Please repeat, exactly and without pictures, the lines of the entries below that run from the one containing "Свежий красный перец" through the one containing "Dimensional window openings".

Materials provided –
------

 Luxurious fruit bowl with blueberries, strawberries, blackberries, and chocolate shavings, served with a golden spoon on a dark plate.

------

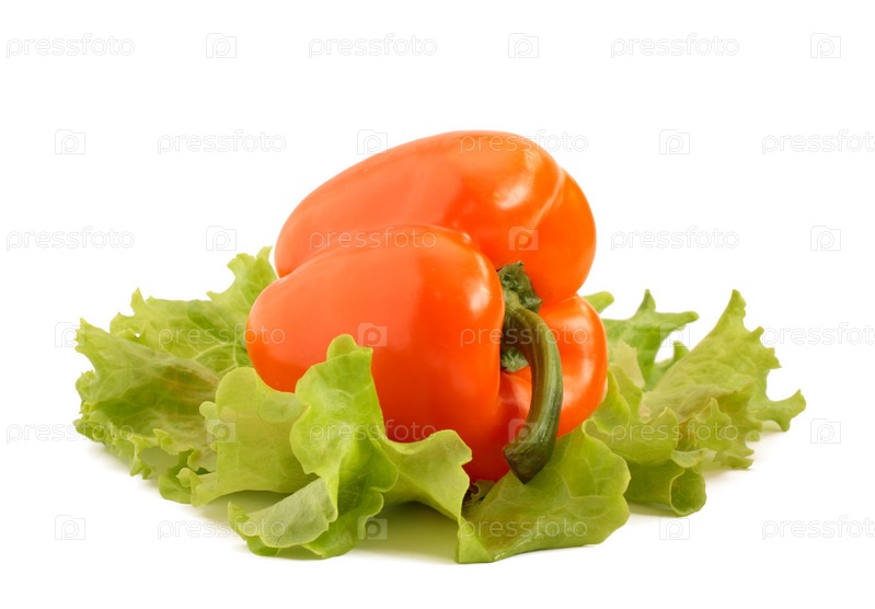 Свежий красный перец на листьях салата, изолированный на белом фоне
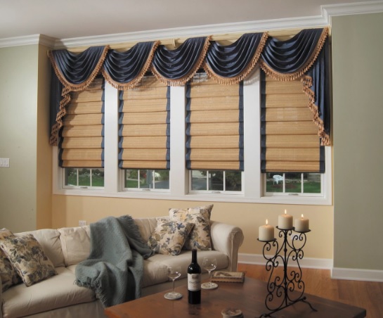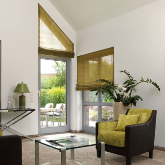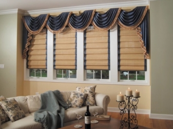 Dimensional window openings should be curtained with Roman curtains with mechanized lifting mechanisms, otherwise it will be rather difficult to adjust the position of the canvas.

------

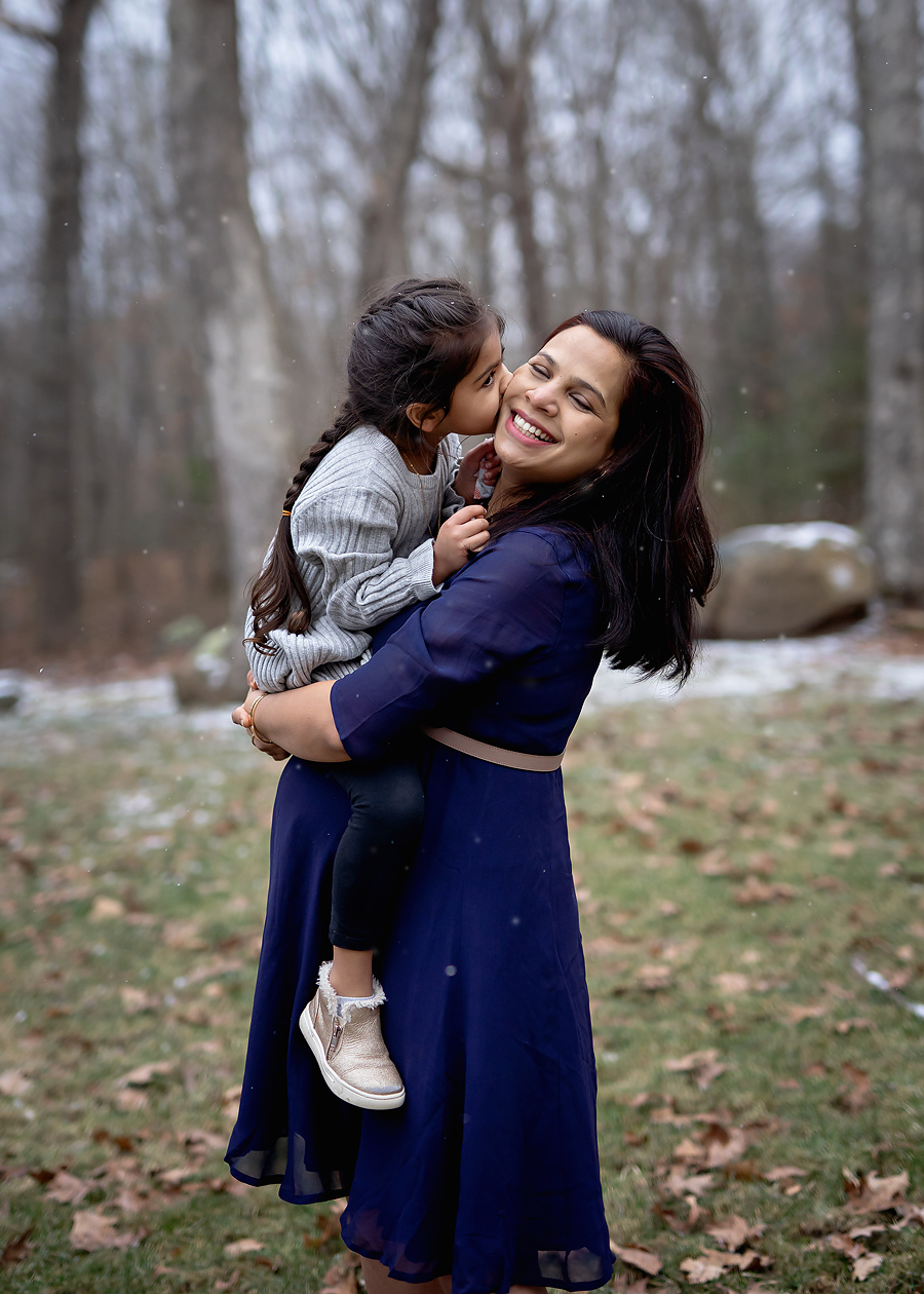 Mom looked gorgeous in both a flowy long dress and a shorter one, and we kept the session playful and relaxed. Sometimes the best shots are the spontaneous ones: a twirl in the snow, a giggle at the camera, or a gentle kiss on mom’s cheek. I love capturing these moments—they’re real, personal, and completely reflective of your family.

------

Result for this task –
 Свежий красный перец на листьях салата, изолированный на белом фоне
 Dimensional window openings should be curtained with Roman curtains with mechanized lifting mechanisms, otherwise it will be rather difficult to adjust the position of the canvas.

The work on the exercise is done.